# What is required
The whole listing needs retyping exactly; keep the pictures out of it.

Collected material START

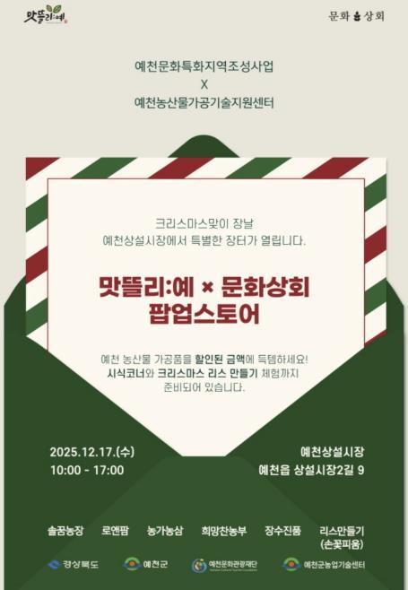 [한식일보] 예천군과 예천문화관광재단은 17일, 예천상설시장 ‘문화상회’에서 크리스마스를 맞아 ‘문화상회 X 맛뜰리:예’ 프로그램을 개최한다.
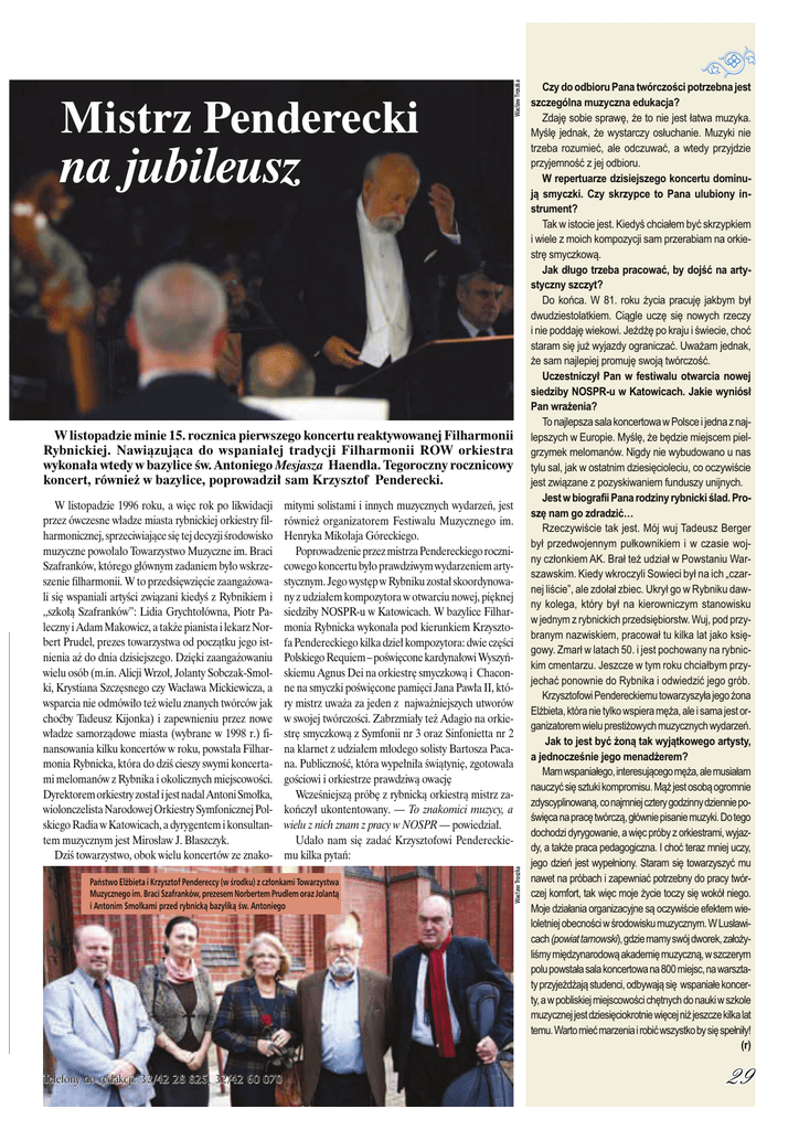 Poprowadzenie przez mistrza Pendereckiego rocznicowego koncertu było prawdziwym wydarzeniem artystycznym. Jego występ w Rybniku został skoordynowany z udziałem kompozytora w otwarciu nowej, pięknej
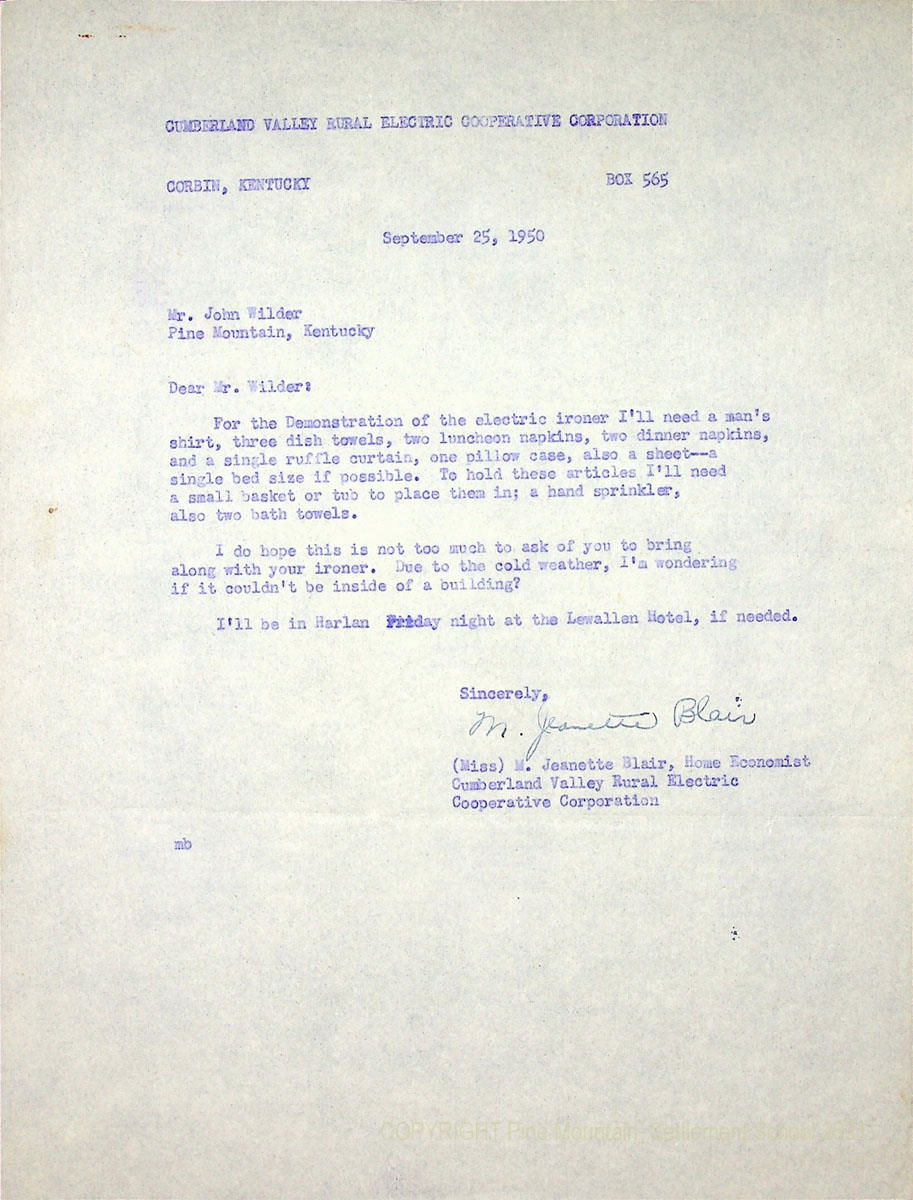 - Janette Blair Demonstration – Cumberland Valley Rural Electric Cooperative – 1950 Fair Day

Collected material END

# Answer box
 [한식일보] 예천군과 예천문화관광재단은 17일, 예천상설시장 ‘문화상회’에서 크리스마스를 맞아 ‘문화상회 X 맛뜰리:예’ 프로그램을 개최한다.
 Poprowadzenie przez mistrza Pendereckiego rocznicowego koncertu było prawdziwym wydarzeniem artystycznym. Jego występ w Rybniku został skoordynowany z udziałem kompozytora w otwarciu nowej, pięknej
 - Janette Blair Demonstration – Cumberland Valley Rural Electric Cooperative – 1950 Fair Day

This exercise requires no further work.